**Task to complete:**
Look for the line with "Tính đến tháng"; please transcribe it and every later line in the entries exactly, up to the end, leaving pictures out.

++++++

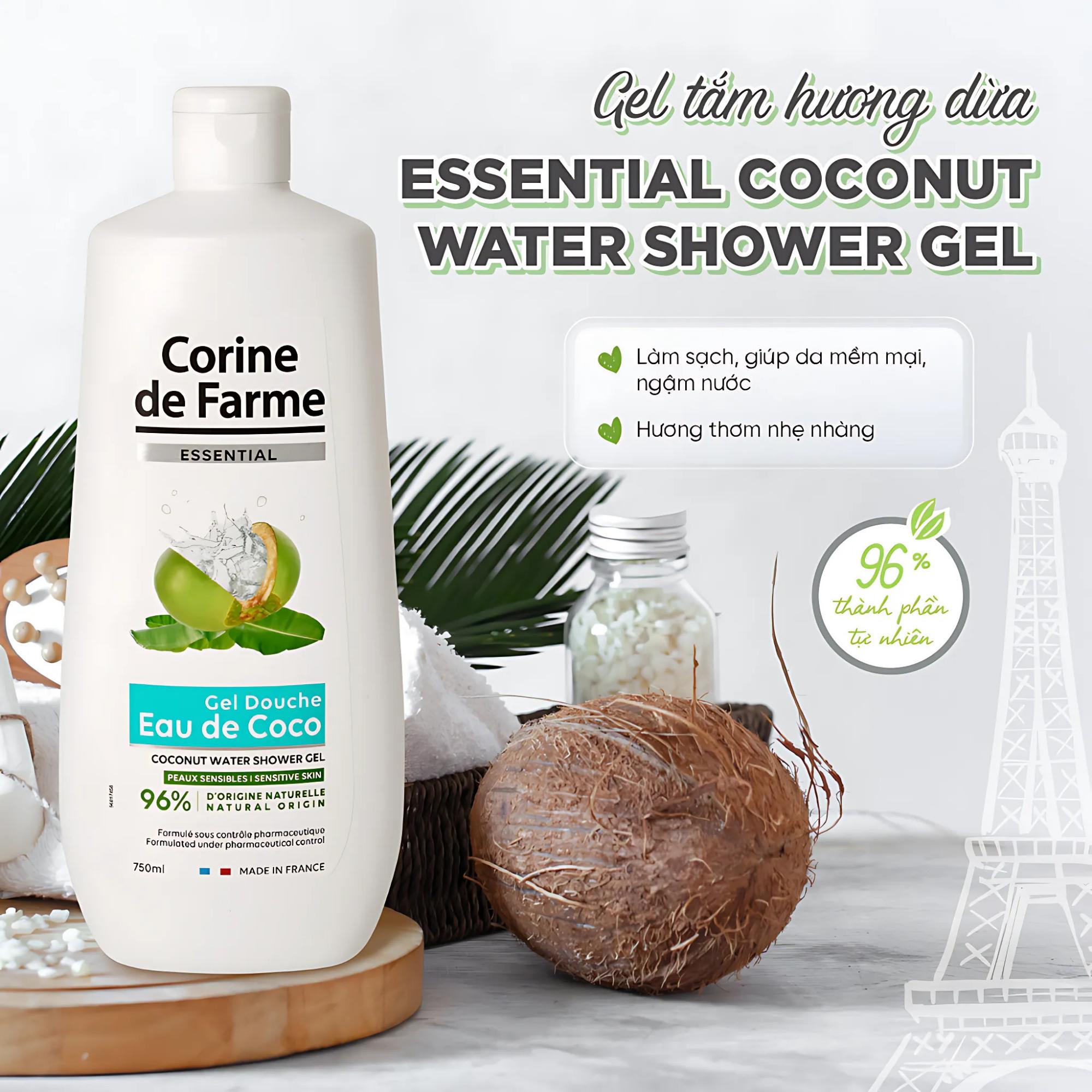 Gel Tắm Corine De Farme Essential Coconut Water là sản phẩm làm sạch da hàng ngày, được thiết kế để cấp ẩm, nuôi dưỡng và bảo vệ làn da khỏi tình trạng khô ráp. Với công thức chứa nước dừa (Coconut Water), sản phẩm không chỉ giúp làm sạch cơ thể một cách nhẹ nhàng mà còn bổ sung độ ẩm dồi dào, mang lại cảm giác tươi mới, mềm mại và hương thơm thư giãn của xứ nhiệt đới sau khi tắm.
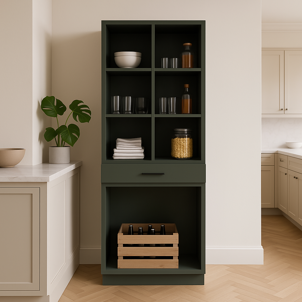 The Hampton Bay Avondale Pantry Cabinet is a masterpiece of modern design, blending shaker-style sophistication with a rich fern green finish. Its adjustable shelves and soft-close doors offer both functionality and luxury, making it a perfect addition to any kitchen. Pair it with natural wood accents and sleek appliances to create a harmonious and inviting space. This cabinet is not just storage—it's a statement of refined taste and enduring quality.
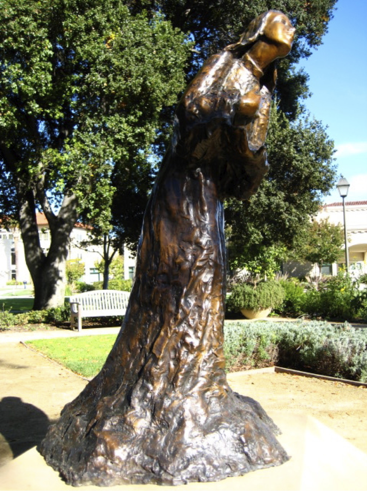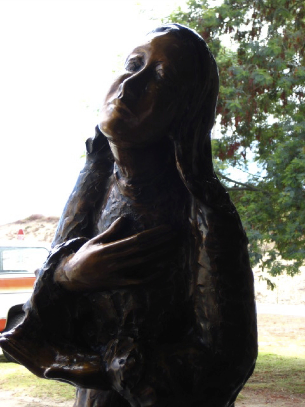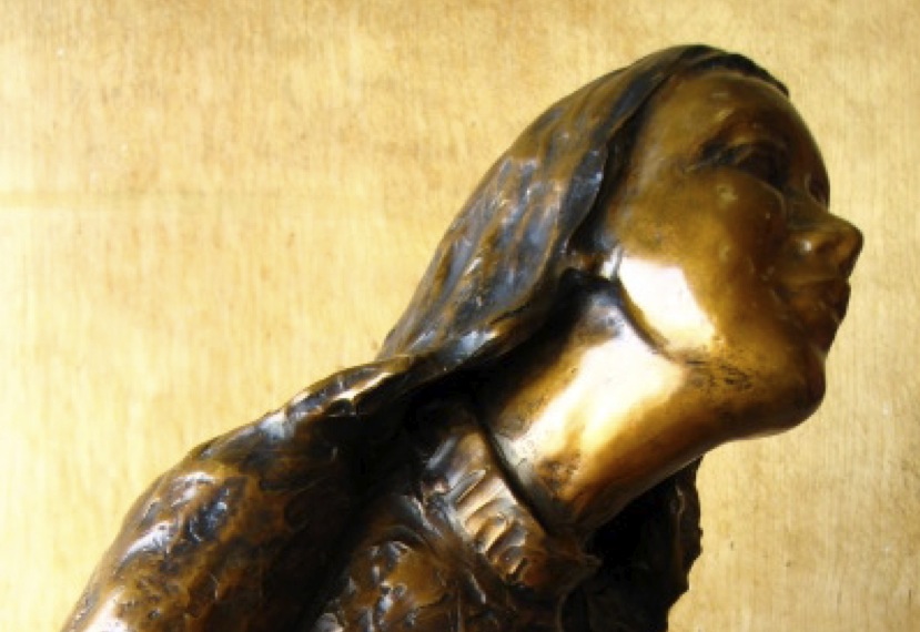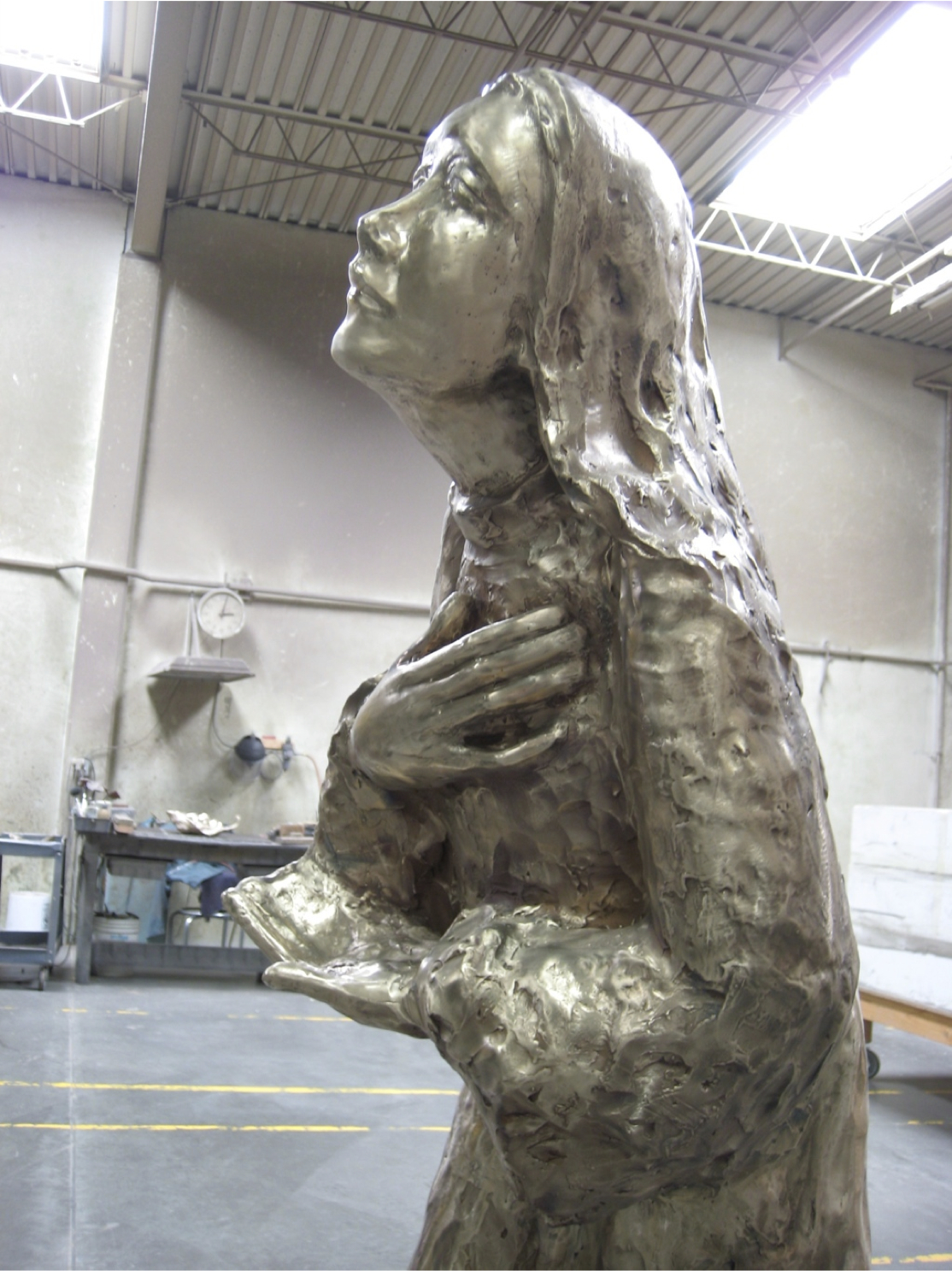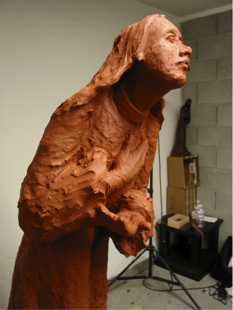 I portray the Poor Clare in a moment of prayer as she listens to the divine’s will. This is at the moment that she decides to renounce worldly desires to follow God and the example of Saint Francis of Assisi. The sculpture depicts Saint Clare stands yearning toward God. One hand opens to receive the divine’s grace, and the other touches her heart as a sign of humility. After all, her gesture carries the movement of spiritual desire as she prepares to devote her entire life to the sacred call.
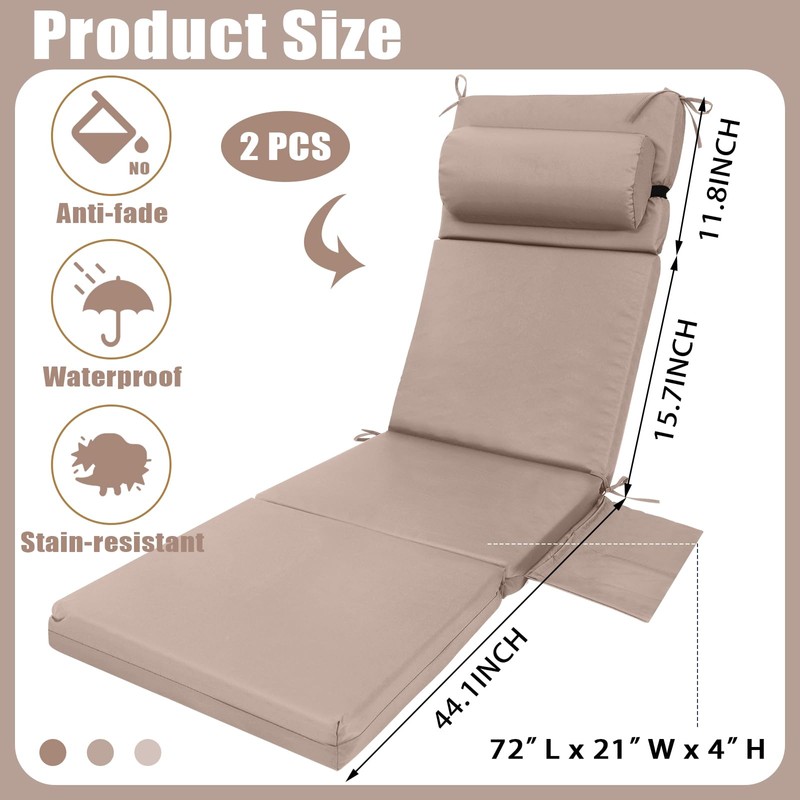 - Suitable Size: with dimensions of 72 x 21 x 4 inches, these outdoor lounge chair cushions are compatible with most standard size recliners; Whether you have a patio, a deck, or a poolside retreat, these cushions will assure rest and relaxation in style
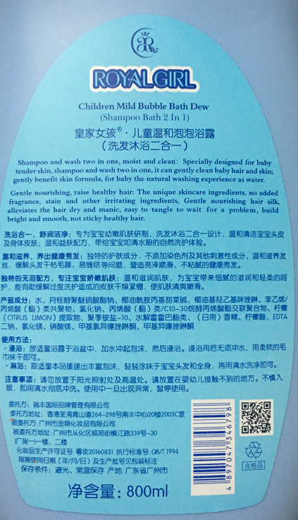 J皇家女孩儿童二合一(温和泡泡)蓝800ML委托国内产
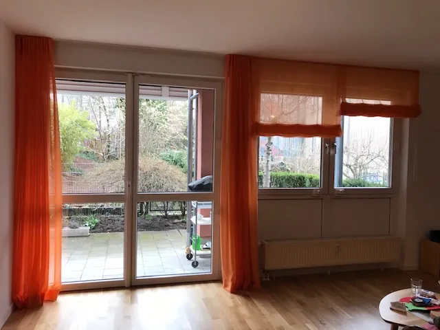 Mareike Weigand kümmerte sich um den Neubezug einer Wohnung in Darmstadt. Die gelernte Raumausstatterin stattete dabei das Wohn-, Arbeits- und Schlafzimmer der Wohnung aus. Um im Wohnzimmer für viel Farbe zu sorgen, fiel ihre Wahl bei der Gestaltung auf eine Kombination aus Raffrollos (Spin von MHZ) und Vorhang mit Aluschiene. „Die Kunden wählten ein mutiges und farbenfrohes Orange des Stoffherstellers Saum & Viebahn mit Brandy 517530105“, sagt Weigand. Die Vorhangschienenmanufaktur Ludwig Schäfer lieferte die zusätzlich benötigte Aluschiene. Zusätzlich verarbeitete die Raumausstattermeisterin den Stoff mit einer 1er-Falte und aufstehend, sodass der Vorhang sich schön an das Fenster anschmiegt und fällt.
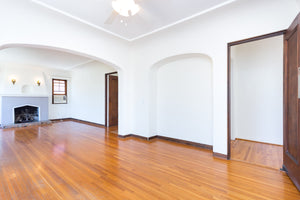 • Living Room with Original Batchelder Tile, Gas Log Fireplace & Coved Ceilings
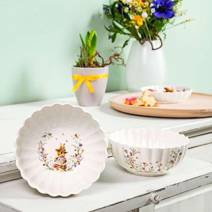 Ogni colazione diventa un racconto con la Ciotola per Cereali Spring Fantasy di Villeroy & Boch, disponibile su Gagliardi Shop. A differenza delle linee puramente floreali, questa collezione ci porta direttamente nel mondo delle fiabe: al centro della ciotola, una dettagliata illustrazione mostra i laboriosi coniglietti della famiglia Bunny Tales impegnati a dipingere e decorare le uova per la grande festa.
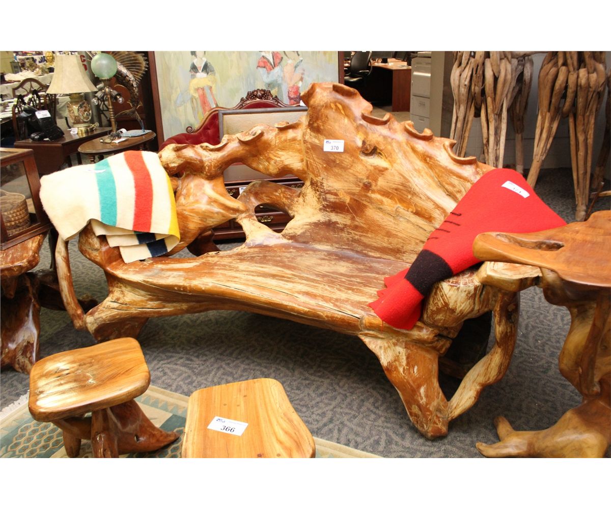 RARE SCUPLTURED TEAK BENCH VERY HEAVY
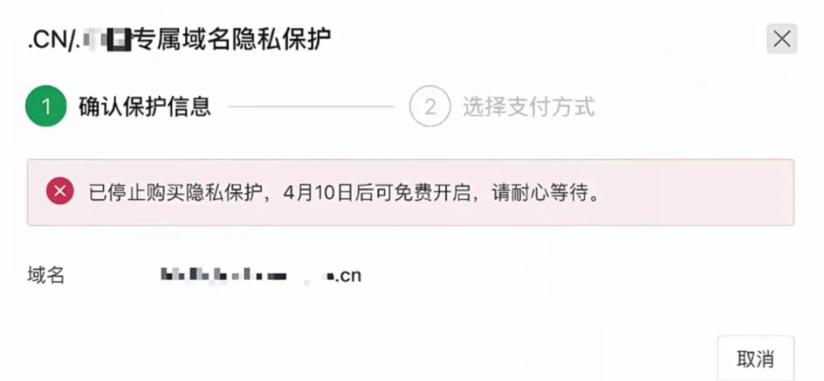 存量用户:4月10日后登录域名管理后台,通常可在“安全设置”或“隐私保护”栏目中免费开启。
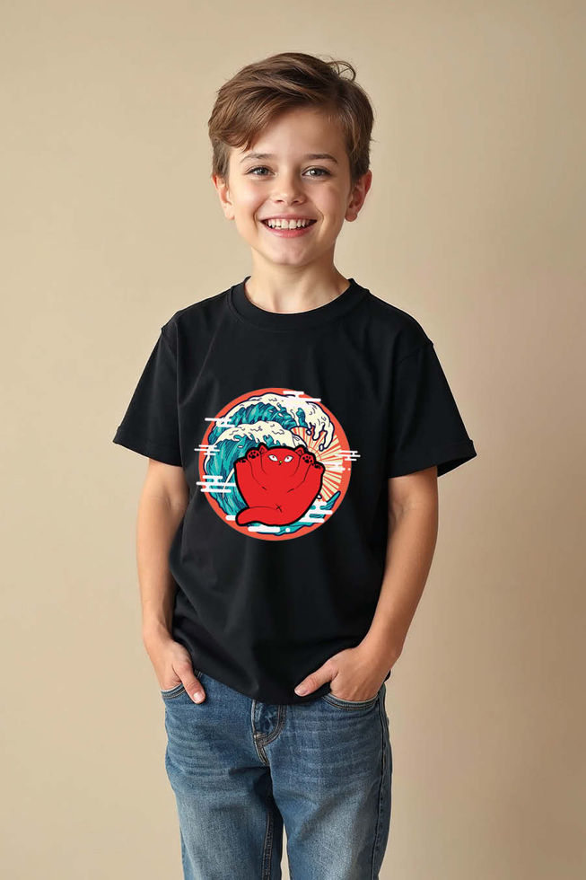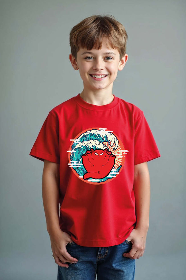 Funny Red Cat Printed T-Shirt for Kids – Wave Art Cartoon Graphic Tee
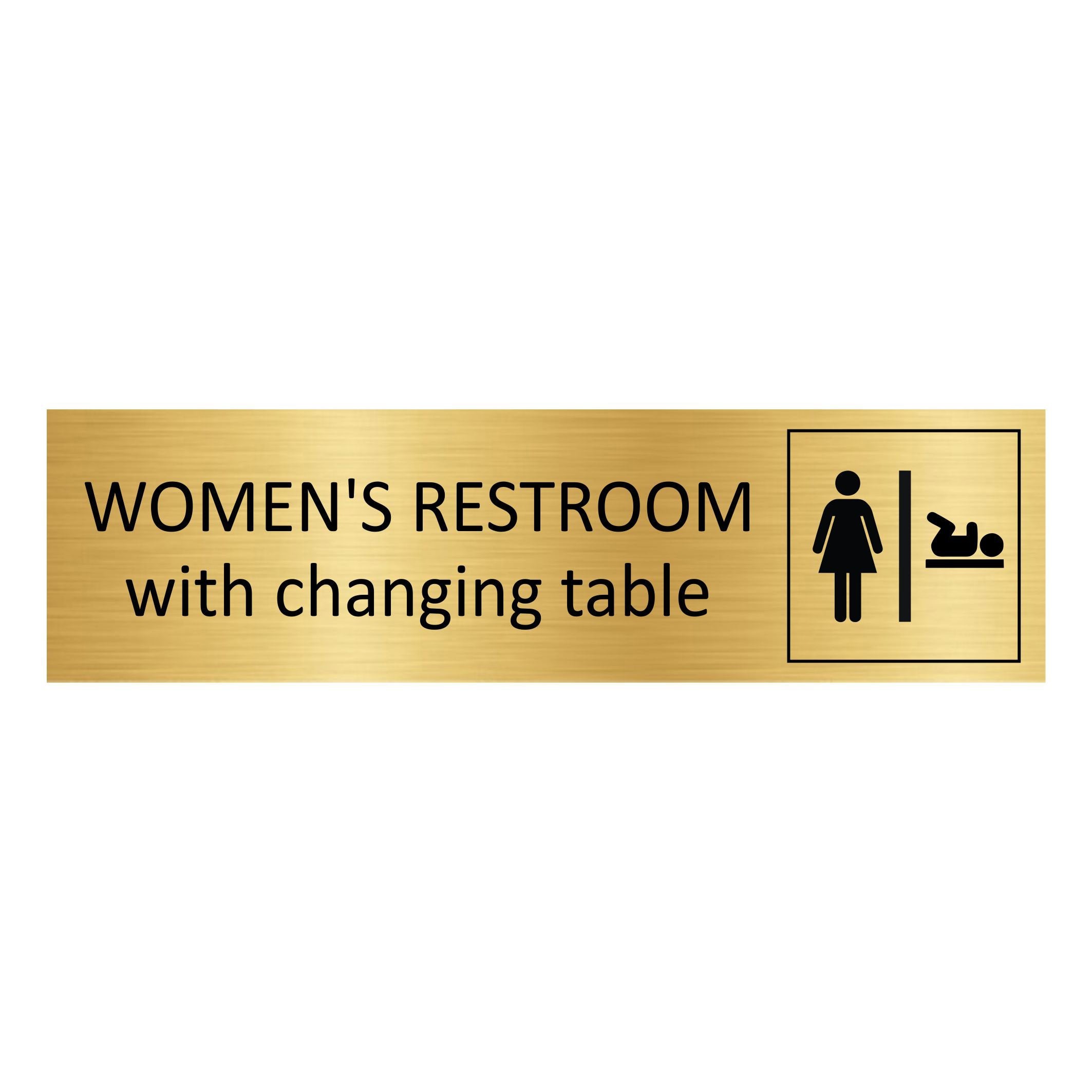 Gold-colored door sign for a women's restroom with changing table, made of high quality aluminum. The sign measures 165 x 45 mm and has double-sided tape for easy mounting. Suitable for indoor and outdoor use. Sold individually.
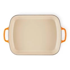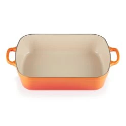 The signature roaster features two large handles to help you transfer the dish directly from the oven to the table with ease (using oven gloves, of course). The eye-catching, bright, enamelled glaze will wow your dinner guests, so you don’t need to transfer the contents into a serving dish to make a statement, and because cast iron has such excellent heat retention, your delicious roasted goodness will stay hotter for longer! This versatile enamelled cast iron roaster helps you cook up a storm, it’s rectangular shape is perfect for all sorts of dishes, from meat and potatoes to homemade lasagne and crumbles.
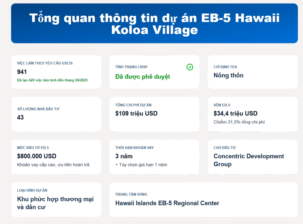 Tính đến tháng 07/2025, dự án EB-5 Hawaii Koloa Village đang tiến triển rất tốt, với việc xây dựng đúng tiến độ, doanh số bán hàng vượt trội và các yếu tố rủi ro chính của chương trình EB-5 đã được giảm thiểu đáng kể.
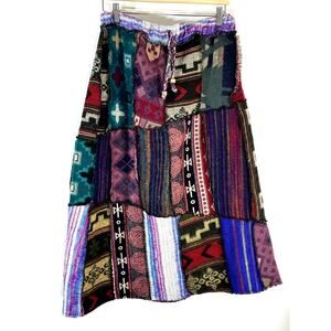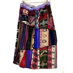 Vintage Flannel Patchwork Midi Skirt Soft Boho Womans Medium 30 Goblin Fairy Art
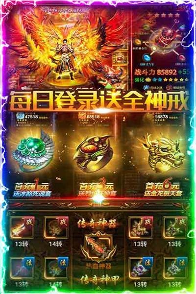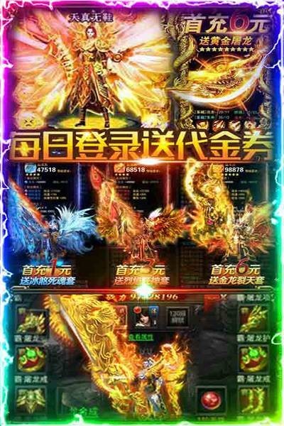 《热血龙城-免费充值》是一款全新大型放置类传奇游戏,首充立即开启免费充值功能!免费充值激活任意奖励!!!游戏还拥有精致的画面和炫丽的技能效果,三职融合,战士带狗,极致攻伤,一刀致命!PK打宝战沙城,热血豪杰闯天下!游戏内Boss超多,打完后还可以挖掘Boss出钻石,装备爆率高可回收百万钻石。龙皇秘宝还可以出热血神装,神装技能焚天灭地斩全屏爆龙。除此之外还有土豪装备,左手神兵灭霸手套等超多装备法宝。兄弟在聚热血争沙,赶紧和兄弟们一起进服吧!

++++++

**Problem solution:**
 Tính đến tháng 07/2025, dự án EB-5 Hawaii Koloa Village đang tiến triển rất tốt, với việc xây dựng đúng tiến độ, doanh số bán hàng vượt trội và các yếu tố rủi ro chính của chương trình EB-5 đã được giảm thiểu đáng kể.
 Vintage Flannel Patchwork Midi Skirt Soft Boho Womans Medium 30 Goblin Fairy Art
 《热血龙城-免费充值》是一款全新大型放置类传奇游戏,首充立即开启免费充值功能!免费充值激活任意奖励!!!游戏还拥有精致的画面和炫丽的技能效果,三职融合,战士带狗,极致攻伤,一刀致命!PK打宝战沙城,热血豪杰闯天下!游戏内Boss超多,打完后还可以挖掘Boss出钻石,装备爆率高可回收百万钻石。龙皇秘宝还可以出热血神装,神装技能焚天灭地斩全屏爆龙。除此之外还有土豪装备,左手神兵灭霸手套等超多装备法宝。兄弟在聚热血争沙,赶紧和兄弟们一起进服吧!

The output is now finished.